Does the 396/496 allow for this correction or does it show (true?) altitude ? On my last trip my 296 was ~250ft high of the report altitude for the conditions.

Any hints or comments ? I am ready to be enlightened :D
 
I have the 296 and I have not found a way to correct altitude for baro, hence it is alway wrong compared to my altimeter. I do not believe this exists on the 296.

Does the 396/496 allow for this correction or does it show (true?) altitude ? On my last trip my 296 was ~250ft high of the report altitude for the conditions.

Any hints or comments ? I am ready to be enlightened :D
Neither the 296, 396 or 496 has any kind of barometric altitude indication so they don't have an adjustment. All these units show a geometric altitude (quite accurate) that may be useful for terrain clearance but will not normally agree with barometric altitude.
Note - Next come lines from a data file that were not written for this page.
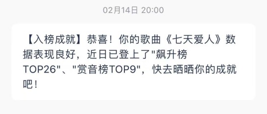 这首《七天爱人》发布在网易云音乐后带来的流量超乎他的想象。自2月11日-17日0时,该歌曲的有效播放量为18.6万,收藏量达9555,评论量为1769。而这首歌曲也为他带来了日均150元的收益。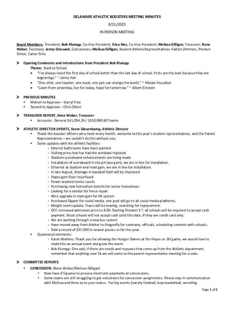 DELAWARE ATHLETIC BOOSTERS MEETING MINUTES 8/21/2023 IN PERSON MEETING Board Members: President; Bob Klumpp, CoVice President; Erica Ries, CoVice President; Melissa Gilligan, Treasurer; Rene Weber,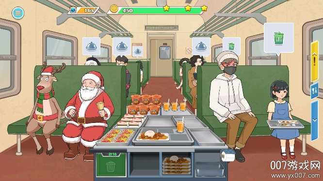 火车大厨圣诞专列是游戏推出的特别节日版本,为玩家带来全新的节日体验。首先打开游戏进入圣诞专列场景,你会看到装饰着圣诞元素的餐车和车厢,充满节日氛围。在餐车中,你需要将所有食材按照要求进行加工制作,完成后放入推车。接着点击右侧的黄色按钮进入乘客车厢,根据每位乘客的具体需求提供相应的餐品。特别要注意观察乘客头上的进度条变化,这是衡量他们等待耐心的关键指标。成功完成订单不仅能获得金币奖励,还能收集圣诞特别道具。整个游戏过程充满节日气氛,让玩家在欢乐的圣诞氛围中享受烹饪的乐趣。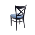 | A contoured cross-back style chair that offers both aesthetic appeal and back support for your customers. Customizable with a variety of finishes and upholstery options to suit your restaurant’s specific needs. The deep black color can be easily paired with your choice of upholstery, offering a seamless blend into your decor. Made out of strong beech wood and mortise and tenon joinery reinforced with metal brackets. To ease movement and safeguard your floors, each leg of the bar stool is fitted with a nylon glide. Nylon glides are attached to each leg of the chair for easy repositioning and to protect your floor surfaces. |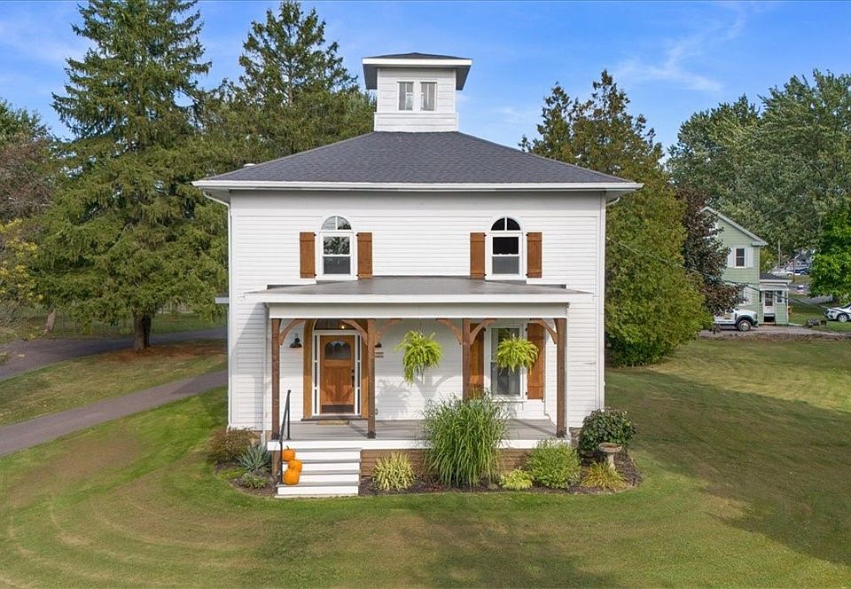 Now is your chance to own one of the most historic homes in the highly desirable Owasco School District! This turn-key, beautifully updated 1870's home has retained many of its charming, original farmhouse features such as hardwoods throughout, french doors with glass knobs, a spiral entry staircase and cast iron radiators. Enjoy breakfast in the light-filled, eat-in kitchen featuring new quartz countertops, custom cherry cabinets and stainless steel appliances. The spacious living room includes a pellet fireplace insert for chilly nights and mini split air conditioning to keep cool in NY summers. From the large rocking chair front porch a custom stained glass door will welcome your guests to the foyer with a grand spiral staircase. .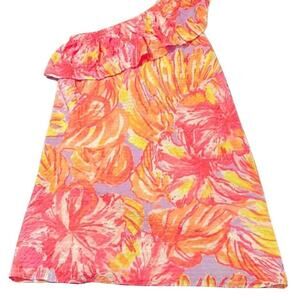 Lilly Pulitzer Emmeline One Shoulder Dress in Sun Splashed Women's size X-small. A ruffled, one-shoulder dress is a breeze for warm weather in lightweight seersucker fabric cut in a simple shift silhouette. Slips on overhead Smocked one-shoulder neck Lined Vibrant Pink, Orange, Yellow, Lilac

Fly by your altimeter for anything involving ATC or cruising altitudes.
 
A little light reading on this

For those of you with pocket protectors and possibly a bandaid holding your eyeglasses together over the bridge of your nose, well you might like reading this. If you do read it and also understand it could you please break it down to something that the rest of us can grasp and elighten us?

http://www.avionicswest.com/PDFiles/alt2.pdf

Thanks,
 
Here is what the Garmin FAQ has to say on the subject:

Why is the altitude on my GPS different than the altitude on my altimeter?

Regarding the altitude discrepancy, keep in mind that your altimeter does not measure altitude. What the altimeter measures is air pressure. Your altimeter is calibrated to display a certain change in altitude based on a change in air pressure. For every inch of mercury pressure change, the altimeter displays a change of approx. 1000 ft. of altitude. Think of it this way. If the plane is sitting on the ramp and shows the correct altitude when the outside air pressure is 30.00, it will show an altitude of ramp+250 if the outside air pressure drops to 29.75. It is still on the ramp, but the altimeter changed because the pressure changed. The standard lapse rate (SLR) for air pressure is 1-inch pressure = 1,000-ft altitude and this is how your altimeter is calibrated (approximately). However, when is anything in nature a perfect standard? What the SLR implies is that 1-inch will USUALLY equal 1,000-ft. depending on altitude. The higher you go, the less accurate this is. However, this is not a problem since everyone uses the same system. If everyone's altimeter is set to the same pressure setting, then they will all be off the same amount and vertical separation will be ensured. The GPS does not use air pressure to determine altitude. As such, it is not as apt to have pressure errors in determining altitude. What this means is that your GPS derived altitude is almost always more accurate than your altimeter. However, since everyone uses a pressure-based system to determine altitude, you need to fly using the pressure altimeter to ensure the required vertical separation.

mcb
 
For those of you with pocket protectors and possibly a bandaid holding your eyeglasses together over the bridge of your nose, well you might like reading this. If you do read it and also understand it could you please break it down to something that the rest of us can grasp and elighten us?

http://www.avionicswest.com/PDFiles/alt2.pdf

Thanks,


That was a great article. Thanks for posting. BTW, I don't have the pocket protector nor the glasses.
 
Metars

The 496 has an E-6B function where you can enter your temperature and and it calculates density altitude because it knows the nearest reporting station barometric pressure when the XM antenna is connected.